## Required work
Beginning with the line of the entries below that holds "Readers of The" and ending with the line that holds "Coloque un trozo", transcribe each line exactly as written. Pictures stay out.

## Source records
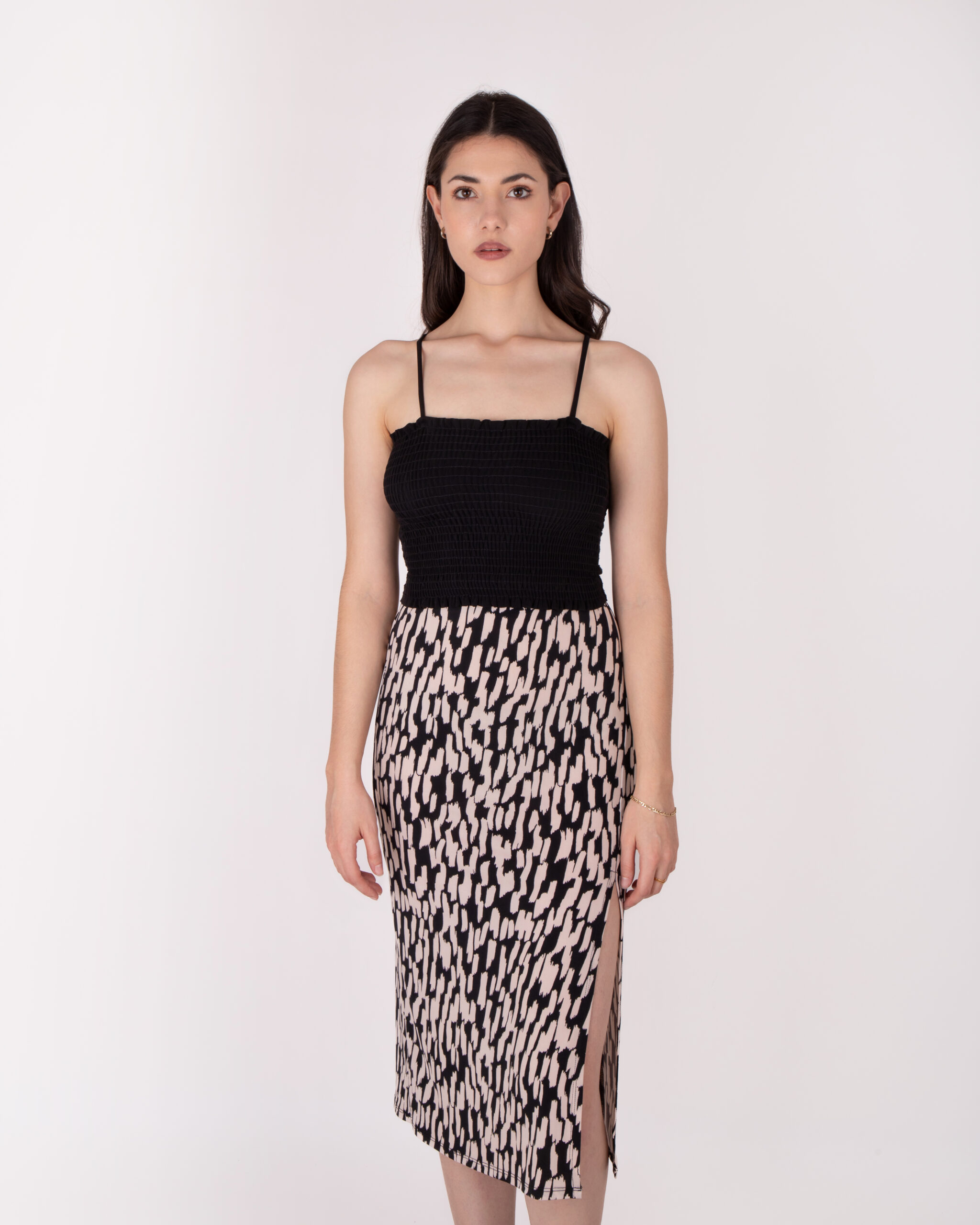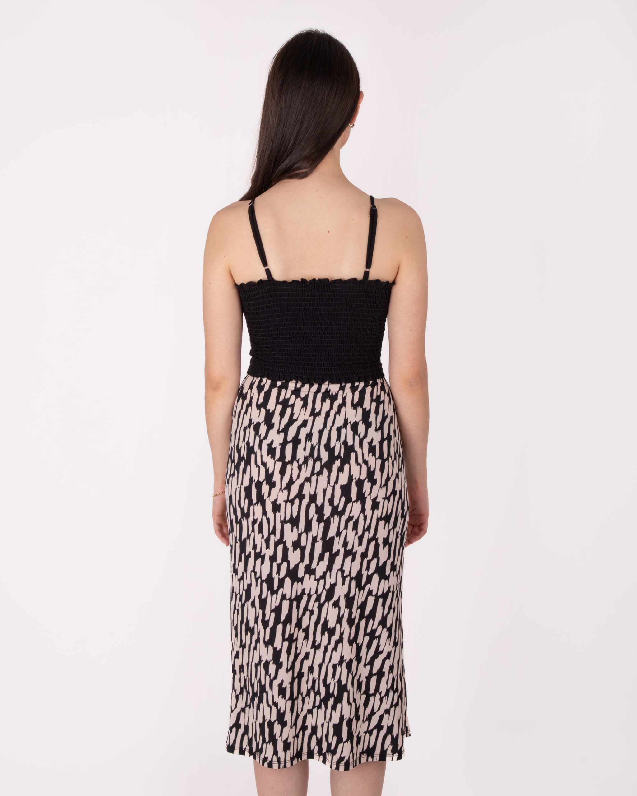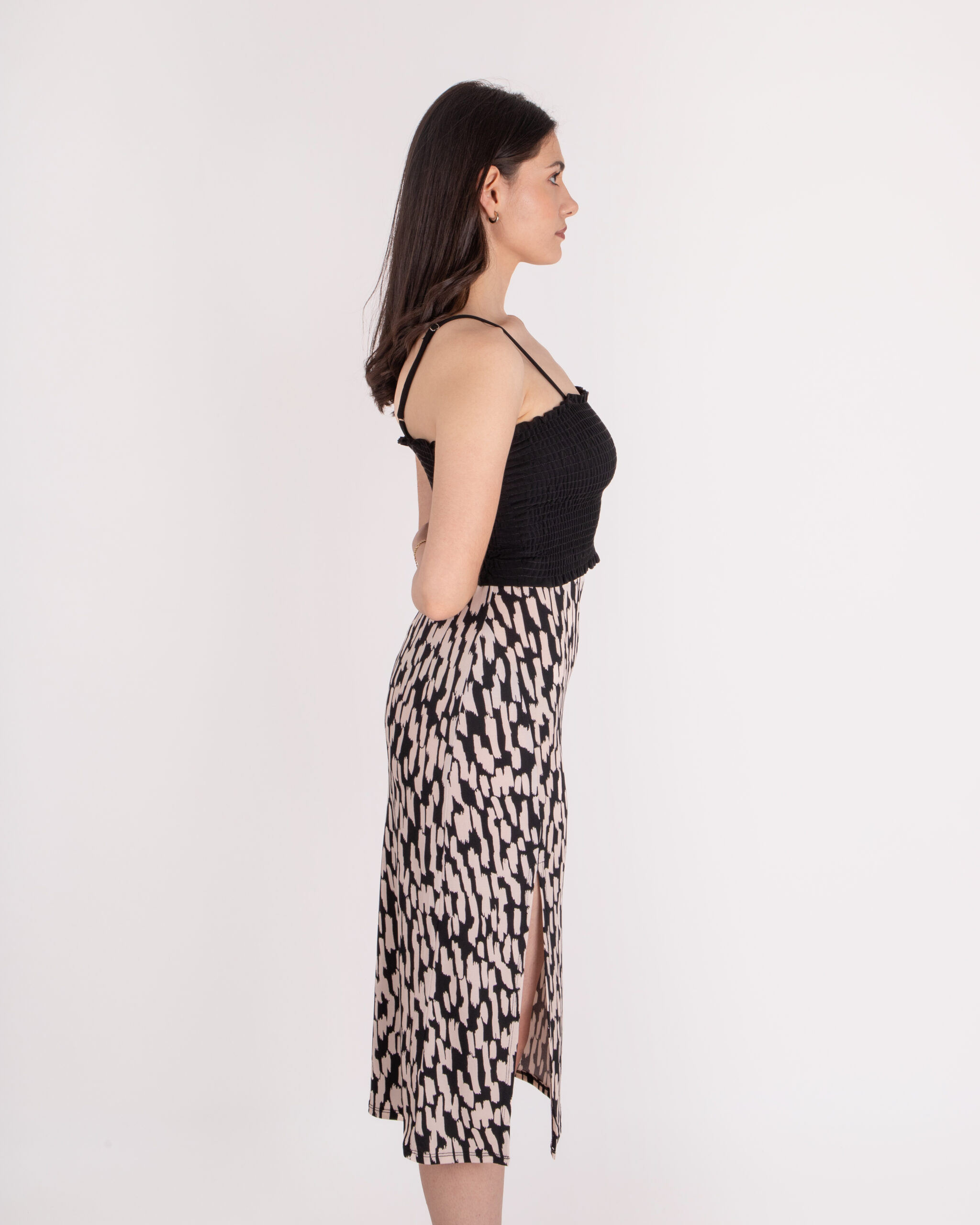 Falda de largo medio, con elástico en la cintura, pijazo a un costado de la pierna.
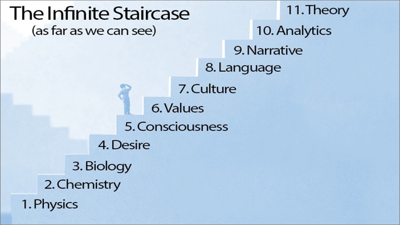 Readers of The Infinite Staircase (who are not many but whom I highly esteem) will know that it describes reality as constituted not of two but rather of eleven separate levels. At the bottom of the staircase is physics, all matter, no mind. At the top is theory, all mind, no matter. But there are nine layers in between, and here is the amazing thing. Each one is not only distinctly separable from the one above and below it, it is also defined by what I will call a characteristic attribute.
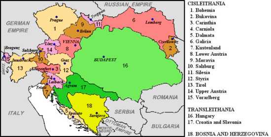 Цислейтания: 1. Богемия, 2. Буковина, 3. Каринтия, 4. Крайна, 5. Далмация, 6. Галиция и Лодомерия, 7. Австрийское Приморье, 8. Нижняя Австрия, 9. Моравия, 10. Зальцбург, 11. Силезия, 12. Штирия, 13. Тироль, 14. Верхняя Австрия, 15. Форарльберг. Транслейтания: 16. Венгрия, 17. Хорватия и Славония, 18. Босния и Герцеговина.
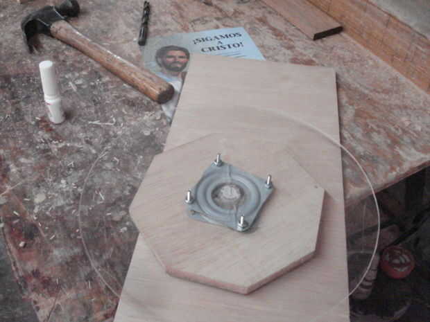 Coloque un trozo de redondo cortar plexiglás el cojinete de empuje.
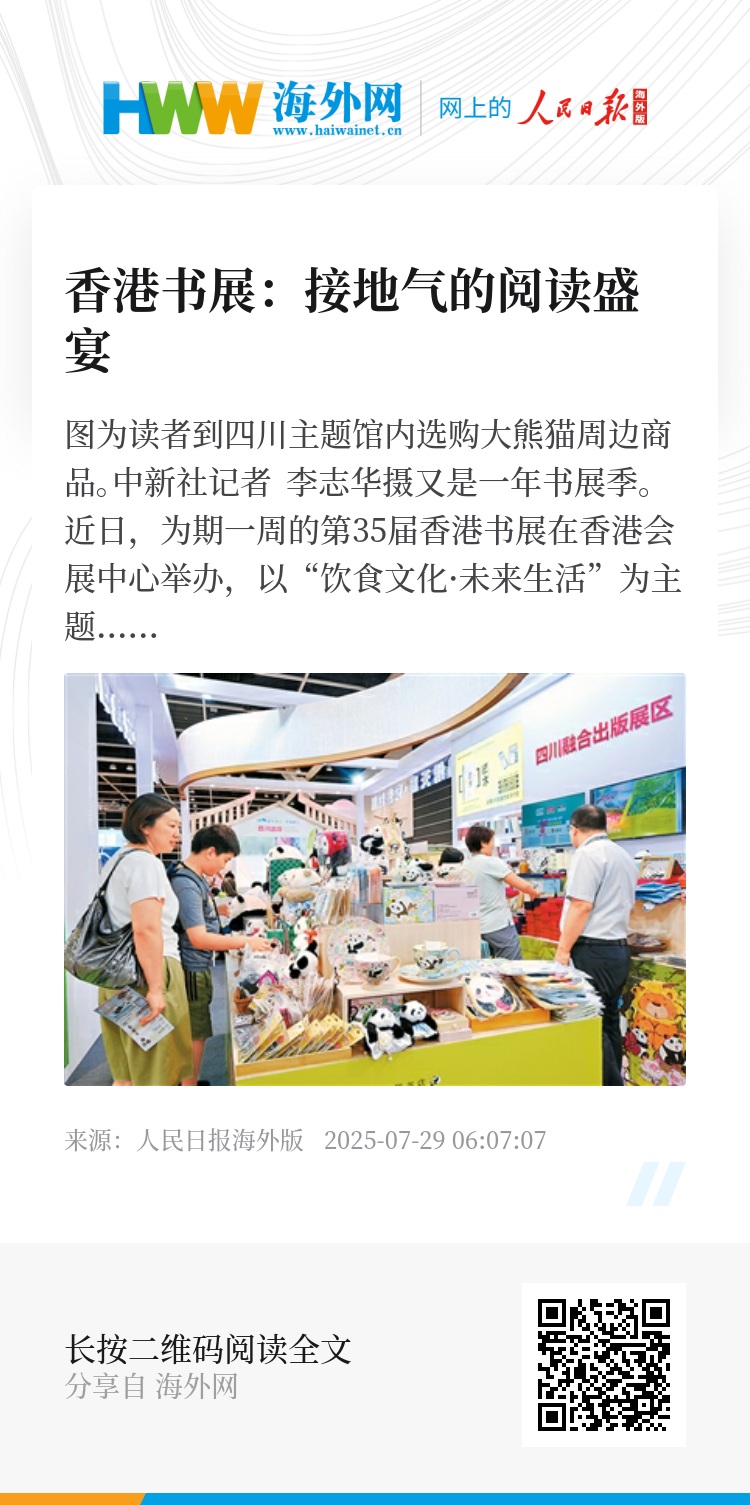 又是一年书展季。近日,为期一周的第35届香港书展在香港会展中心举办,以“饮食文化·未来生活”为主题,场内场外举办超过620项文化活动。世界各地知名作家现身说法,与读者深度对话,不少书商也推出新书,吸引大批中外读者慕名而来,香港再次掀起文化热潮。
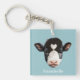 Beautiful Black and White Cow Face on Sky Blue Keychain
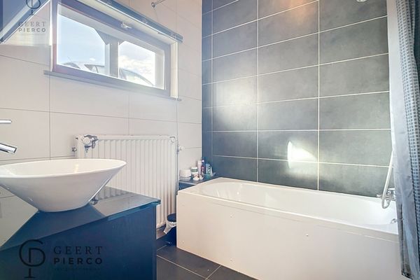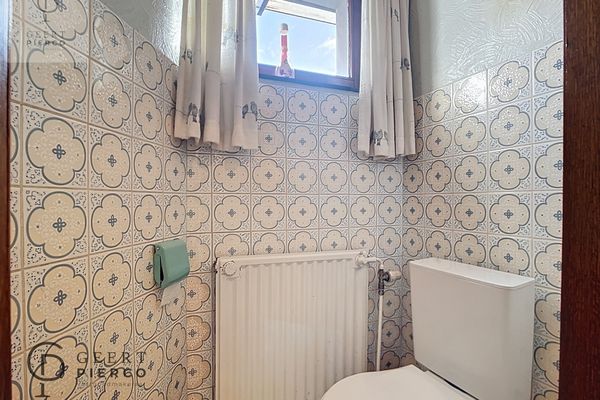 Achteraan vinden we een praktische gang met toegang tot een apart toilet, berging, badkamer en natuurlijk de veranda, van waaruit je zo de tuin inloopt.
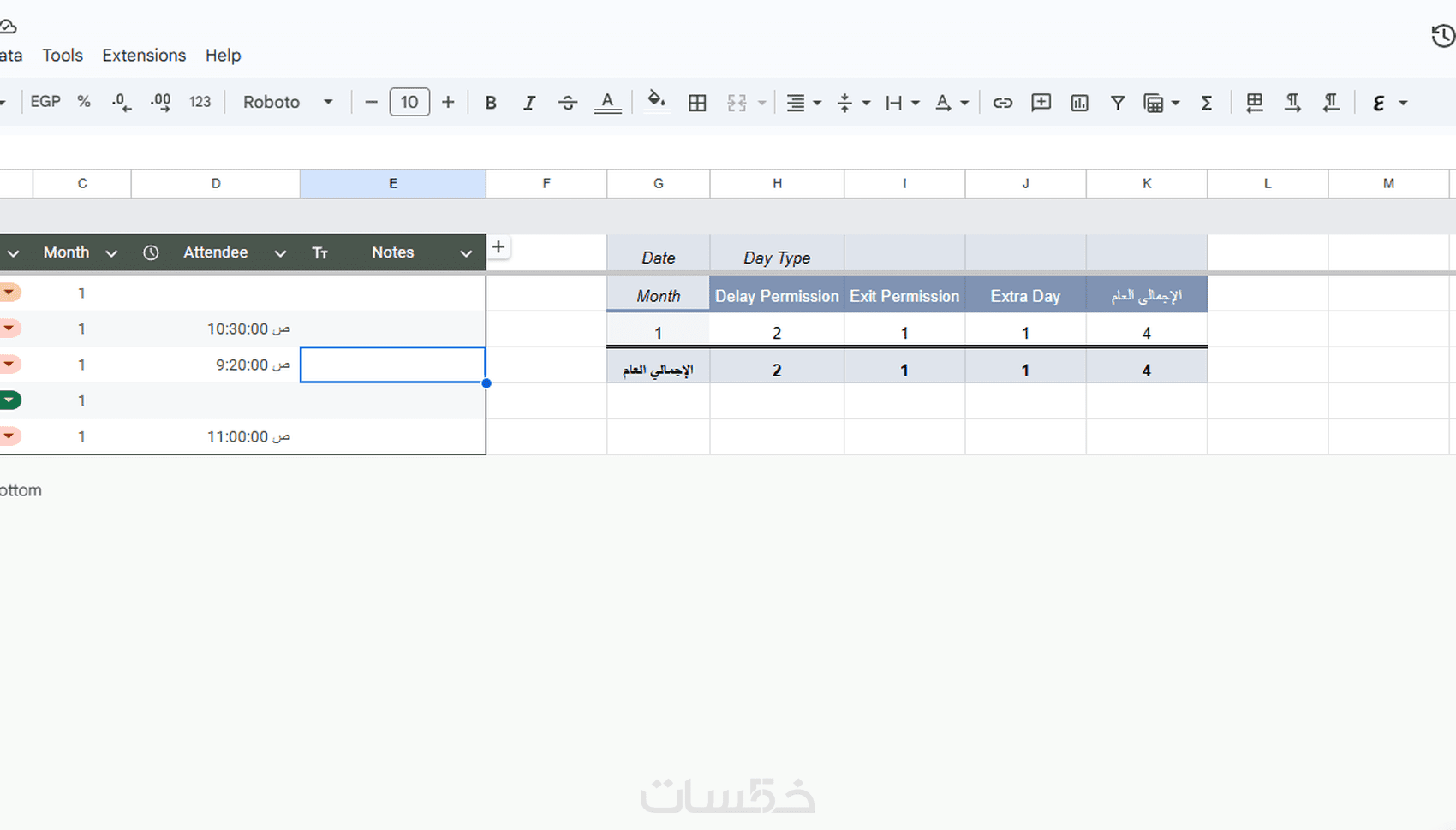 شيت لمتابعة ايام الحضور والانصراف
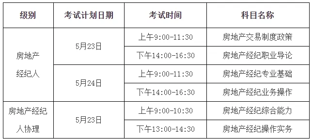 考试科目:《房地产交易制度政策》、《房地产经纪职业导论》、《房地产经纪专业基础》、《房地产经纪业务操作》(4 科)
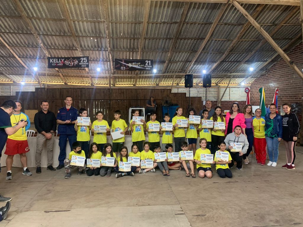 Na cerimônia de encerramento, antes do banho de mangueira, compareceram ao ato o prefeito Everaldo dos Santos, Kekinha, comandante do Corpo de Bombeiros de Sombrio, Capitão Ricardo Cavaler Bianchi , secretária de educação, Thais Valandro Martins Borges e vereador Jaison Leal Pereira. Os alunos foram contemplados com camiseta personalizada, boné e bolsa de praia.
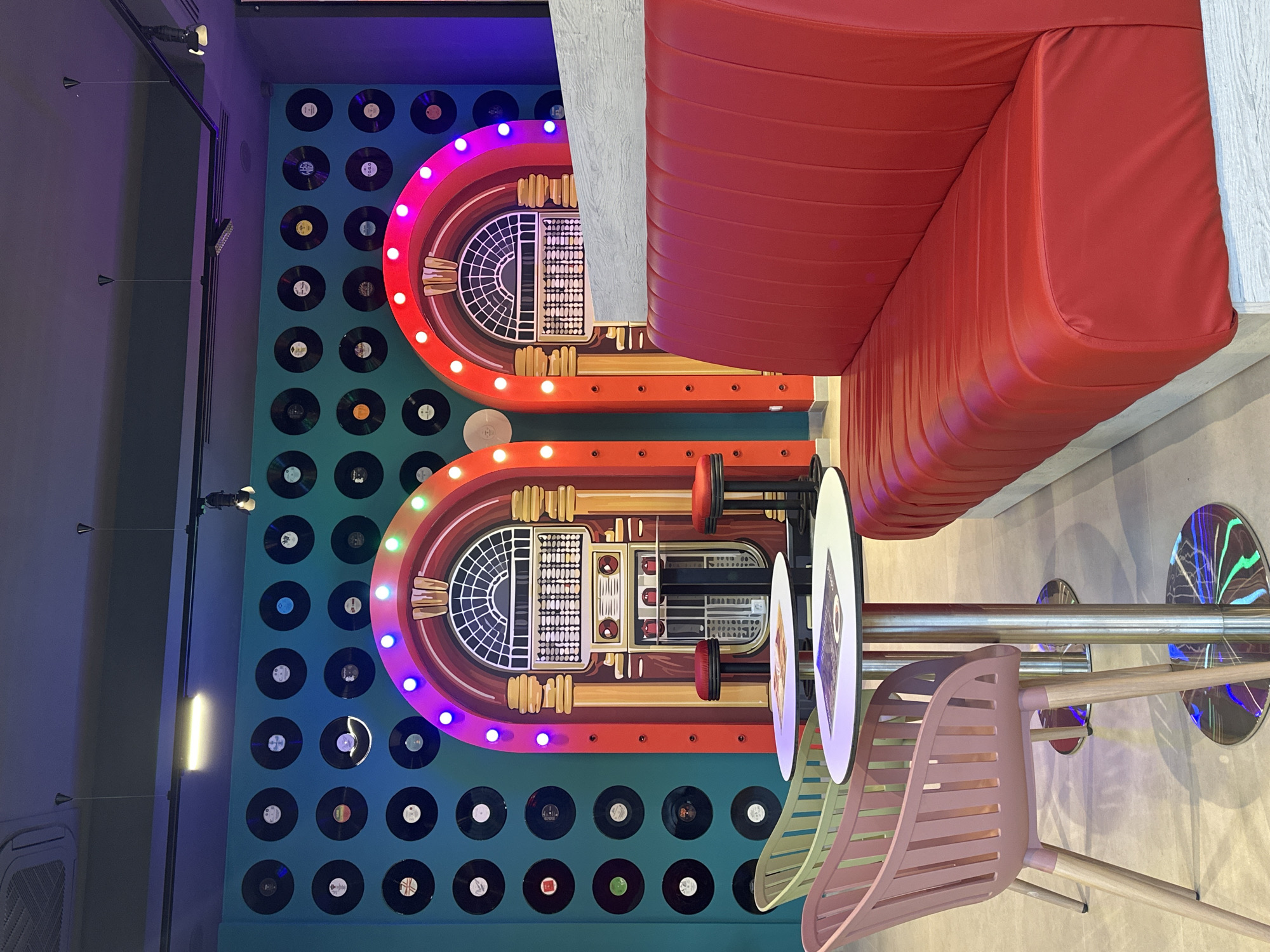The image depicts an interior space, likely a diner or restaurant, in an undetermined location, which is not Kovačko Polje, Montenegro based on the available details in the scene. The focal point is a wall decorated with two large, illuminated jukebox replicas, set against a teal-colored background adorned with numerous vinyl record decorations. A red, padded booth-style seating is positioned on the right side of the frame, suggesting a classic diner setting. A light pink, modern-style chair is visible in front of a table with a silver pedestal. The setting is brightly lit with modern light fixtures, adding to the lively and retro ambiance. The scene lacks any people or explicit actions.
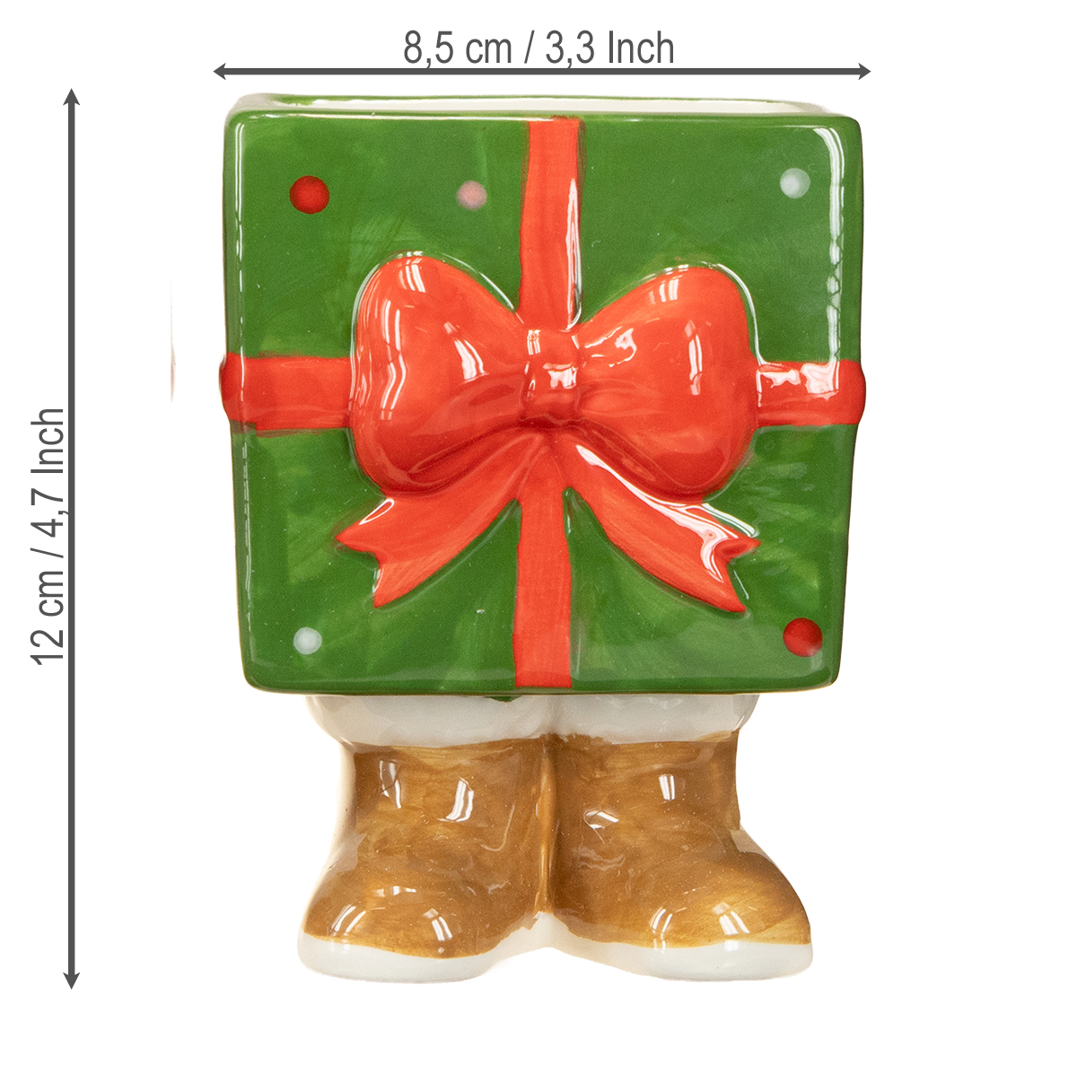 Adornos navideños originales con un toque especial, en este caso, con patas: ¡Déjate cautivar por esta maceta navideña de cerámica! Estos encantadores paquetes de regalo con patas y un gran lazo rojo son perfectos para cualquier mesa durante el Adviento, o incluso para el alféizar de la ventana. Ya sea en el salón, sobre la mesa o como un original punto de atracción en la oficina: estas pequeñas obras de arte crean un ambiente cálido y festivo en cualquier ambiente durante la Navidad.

## Result of the exercise
 Readers of The Infinite Staircase (who are not many but whom I highly esteem) will know that it describes reality as constituted not of two but rather of eleven separate levels. At the bottom of the staircase is physics, all matter, no mind. At the top is theory, all mind, no matter. But there are nine layers in between, and here is the amazing thing. Each one is not only distinctly separable from the one above and below it, it is also defined by what I will call a characteristic attribute.
 Цислейтания: 1. Богемия, 2. Буковина, 3. Каринтия, 4. Крайна, 5. Далмация, 6. Галиция и Лодомерия, 7. Австрийское Приморье, 8. Нижняя Австрия, 9. Моравия, 10. Зальцбург, 11. Силезия, 12. Штирия, 13. Тироль, 14. Верхняя Австрия, 15. Форарльберг. Транслейтания: 16. Венгрия, 17. Хорватия и Славония, 18. Босния и Герцеговина.
 Coloque un trozo de redondo cortar plexiglás el cojinete de empuje.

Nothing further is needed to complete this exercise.